=== YOUR TASK ===
Starting at the line with "(아름다운교육신문) 국제라이온스협회 355-A(부산)지구" and ending at the line with "车站北里 2室1厅1卫 58.89㎡", print exactly the lines of the entries below. Pictures do not belong in the copy.

=== SUPPLIED ENTRIES ===
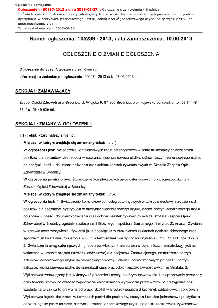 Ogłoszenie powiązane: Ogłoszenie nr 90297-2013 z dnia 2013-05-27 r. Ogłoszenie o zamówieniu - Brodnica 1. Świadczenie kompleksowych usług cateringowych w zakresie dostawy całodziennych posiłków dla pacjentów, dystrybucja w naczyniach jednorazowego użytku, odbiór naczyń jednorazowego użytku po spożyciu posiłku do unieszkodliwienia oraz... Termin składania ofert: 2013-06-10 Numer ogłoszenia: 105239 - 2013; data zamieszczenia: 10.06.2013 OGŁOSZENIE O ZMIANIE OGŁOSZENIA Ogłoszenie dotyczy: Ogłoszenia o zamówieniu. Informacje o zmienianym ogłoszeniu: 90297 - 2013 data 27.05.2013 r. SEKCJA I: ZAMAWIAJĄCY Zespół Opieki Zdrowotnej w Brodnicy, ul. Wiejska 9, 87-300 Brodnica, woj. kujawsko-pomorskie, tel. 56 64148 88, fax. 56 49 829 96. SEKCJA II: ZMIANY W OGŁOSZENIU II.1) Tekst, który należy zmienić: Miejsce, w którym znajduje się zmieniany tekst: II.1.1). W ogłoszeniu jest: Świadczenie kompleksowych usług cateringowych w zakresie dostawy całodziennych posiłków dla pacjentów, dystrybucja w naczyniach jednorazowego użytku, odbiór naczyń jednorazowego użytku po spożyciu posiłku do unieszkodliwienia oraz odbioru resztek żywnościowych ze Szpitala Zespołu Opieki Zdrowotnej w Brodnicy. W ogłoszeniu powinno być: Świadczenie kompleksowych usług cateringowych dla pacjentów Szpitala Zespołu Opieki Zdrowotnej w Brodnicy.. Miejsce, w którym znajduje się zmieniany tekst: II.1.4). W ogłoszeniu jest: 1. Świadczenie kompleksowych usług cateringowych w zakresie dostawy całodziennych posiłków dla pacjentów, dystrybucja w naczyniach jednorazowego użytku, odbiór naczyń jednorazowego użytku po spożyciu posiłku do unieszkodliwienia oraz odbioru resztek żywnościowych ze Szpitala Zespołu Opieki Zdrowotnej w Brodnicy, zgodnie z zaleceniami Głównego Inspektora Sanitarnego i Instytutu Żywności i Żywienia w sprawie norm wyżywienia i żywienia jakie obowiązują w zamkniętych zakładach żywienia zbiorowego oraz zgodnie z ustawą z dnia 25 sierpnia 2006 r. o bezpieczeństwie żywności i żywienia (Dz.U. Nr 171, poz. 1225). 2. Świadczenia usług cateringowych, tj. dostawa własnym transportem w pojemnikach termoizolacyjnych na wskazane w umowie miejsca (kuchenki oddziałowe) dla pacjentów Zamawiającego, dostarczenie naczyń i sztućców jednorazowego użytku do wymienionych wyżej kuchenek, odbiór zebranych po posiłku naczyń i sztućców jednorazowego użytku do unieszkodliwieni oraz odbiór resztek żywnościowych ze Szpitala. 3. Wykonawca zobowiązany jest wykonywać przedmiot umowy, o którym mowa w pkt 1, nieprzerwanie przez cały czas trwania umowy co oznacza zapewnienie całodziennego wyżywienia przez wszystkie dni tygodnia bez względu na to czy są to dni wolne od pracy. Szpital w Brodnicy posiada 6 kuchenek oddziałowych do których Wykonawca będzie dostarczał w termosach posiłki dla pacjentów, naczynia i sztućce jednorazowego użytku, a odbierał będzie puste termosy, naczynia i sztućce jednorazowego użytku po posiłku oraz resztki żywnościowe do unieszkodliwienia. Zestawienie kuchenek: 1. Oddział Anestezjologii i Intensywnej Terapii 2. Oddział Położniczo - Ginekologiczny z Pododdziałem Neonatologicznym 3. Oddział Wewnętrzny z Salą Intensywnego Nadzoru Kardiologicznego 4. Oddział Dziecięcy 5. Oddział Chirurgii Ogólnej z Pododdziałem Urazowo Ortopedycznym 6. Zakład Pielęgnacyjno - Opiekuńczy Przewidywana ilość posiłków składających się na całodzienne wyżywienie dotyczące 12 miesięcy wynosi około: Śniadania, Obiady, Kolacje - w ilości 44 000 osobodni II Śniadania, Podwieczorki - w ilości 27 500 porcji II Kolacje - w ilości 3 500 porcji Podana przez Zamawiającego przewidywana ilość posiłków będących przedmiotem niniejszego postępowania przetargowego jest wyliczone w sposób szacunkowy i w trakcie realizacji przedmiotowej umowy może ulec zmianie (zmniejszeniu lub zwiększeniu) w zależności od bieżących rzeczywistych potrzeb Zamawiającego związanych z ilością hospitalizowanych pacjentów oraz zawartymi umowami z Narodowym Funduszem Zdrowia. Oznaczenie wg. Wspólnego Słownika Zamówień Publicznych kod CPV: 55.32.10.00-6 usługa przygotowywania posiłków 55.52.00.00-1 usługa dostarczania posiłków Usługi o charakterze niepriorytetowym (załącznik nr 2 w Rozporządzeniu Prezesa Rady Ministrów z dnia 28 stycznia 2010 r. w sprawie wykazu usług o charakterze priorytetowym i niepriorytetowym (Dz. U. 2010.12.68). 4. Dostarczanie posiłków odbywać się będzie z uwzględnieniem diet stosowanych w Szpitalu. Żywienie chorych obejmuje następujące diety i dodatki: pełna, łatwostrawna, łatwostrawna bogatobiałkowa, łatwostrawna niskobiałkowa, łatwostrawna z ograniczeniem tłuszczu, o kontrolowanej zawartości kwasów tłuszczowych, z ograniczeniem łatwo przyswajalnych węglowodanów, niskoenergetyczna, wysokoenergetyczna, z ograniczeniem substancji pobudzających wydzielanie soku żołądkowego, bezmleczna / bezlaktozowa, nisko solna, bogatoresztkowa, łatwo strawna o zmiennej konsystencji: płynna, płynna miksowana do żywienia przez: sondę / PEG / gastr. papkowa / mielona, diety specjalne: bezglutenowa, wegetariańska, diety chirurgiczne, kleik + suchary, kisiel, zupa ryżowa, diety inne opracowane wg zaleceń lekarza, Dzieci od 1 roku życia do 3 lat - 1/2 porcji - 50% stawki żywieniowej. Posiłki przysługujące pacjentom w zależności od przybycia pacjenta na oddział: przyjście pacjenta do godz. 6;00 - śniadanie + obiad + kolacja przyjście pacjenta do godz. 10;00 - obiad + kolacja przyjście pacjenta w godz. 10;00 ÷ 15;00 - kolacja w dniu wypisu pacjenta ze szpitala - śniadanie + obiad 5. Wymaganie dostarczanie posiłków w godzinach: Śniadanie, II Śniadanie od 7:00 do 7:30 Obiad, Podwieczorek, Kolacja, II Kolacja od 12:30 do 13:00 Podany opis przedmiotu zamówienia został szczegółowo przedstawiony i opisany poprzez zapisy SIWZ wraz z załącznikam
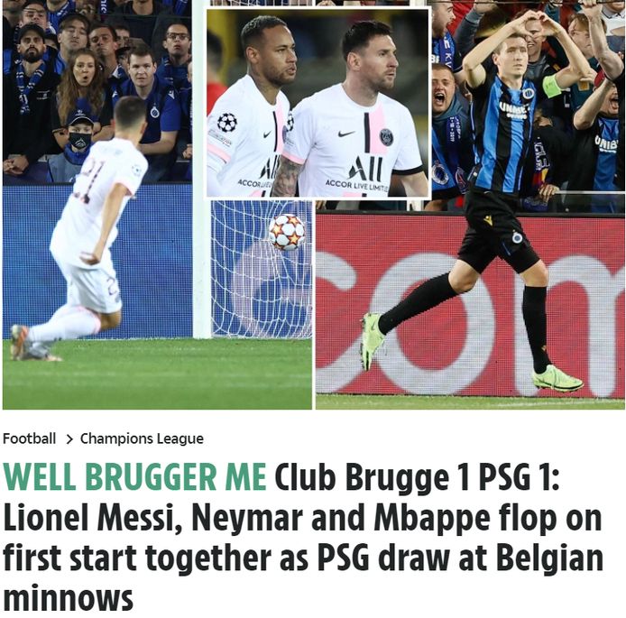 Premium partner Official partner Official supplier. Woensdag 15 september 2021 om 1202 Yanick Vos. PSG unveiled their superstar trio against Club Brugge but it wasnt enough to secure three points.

--

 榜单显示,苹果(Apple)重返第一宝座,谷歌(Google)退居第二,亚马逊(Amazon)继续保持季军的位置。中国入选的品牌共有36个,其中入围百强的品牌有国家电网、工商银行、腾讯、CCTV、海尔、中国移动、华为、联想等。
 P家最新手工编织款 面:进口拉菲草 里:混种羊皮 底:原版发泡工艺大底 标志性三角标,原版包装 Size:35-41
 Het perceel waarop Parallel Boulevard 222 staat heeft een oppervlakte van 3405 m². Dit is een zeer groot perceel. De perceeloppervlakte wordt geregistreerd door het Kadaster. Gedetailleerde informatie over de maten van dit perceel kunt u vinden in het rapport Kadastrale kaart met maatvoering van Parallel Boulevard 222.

==

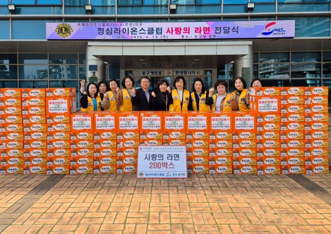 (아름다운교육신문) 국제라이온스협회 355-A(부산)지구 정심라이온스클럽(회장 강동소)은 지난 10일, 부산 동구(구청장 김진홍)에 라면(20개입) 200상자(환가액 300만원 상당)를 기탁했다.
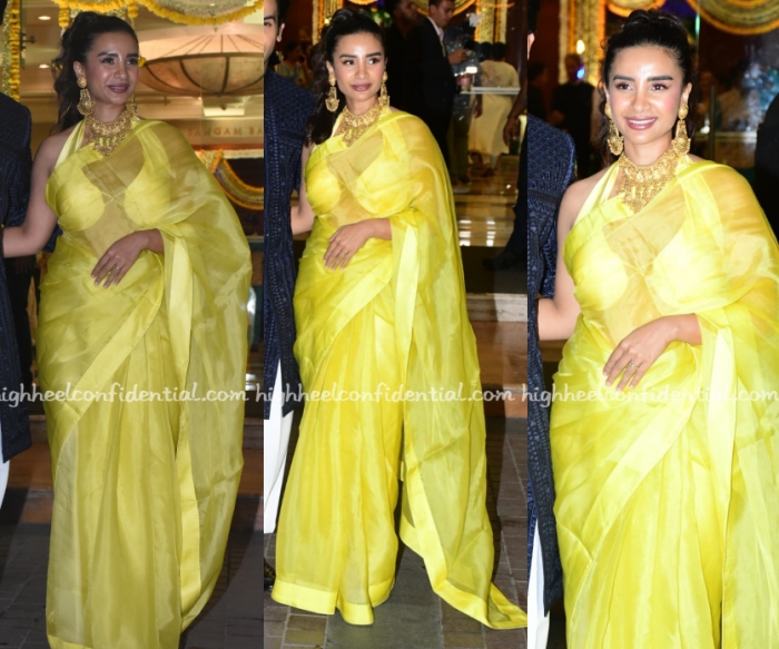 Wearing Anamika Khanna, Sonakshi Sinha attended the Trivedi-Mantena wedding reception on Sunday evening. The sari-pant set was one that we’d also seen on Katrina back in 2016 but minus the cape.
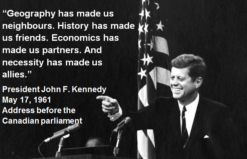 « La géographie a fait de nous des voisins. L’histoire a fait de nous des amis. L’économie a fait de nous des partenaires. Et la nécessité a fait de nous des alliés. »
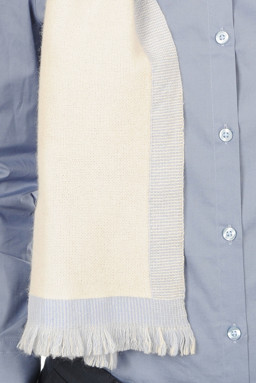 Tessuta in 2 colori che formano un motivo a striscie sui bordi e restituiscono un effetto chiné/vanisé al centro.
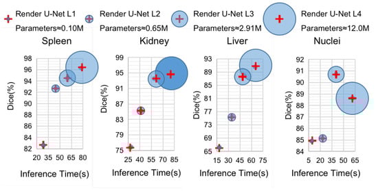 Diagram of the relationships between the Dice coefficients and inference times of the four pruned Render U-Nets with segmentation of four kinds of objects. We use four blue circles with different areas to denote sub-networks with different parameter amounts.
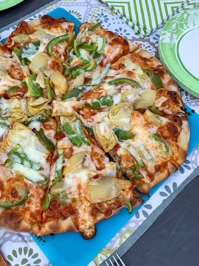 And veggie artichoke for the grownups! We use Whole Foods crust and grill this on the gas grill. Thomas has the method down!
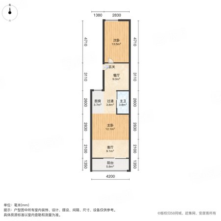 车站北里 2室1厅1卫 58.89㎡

=== ANSWER AREA ===
 (아름다운교육신문) 국제라이온스협회 355-A(부산)지구 정심라이온스클럽(회장 강동소)은 지난 10일, 부산 동구(구청장 김진홍)에 라면(20개입) 200상자(환가액 300만원 상당)를 기탁했다.
 Wearing Anamika Khanna, Sonakshi Sinha attended the Trivedi-Mantena wedding reception on Sunday evening. The sari-pant set was one that we’d also seen on Katrina back in 2016 but minus the cape.
 « La géographie a fait de nous des voisins. L’histoire a fait de nous des amis. L’économie a fait de nous des partenaires. Et la nécessité a fait de nous des alliés. »
 Tessuta in 2 colori che formano un motivo a striscie sui bordi e restituiscono un effetto chiné/vanisé al centro.
 Diagram of the relationships between the Dice coefficients and inference times of the four pruned Render U-Nets with segmentation of four kinds of objects. We use four blue circles with different areas to denote sub-networks with different parameter amounts.
 And veggie artichoke for the grownups! We use Whole Foods crust and grill this on the gas grill. Thomas has the method down!
 车站北里 2室1厅1卫 58.89㎡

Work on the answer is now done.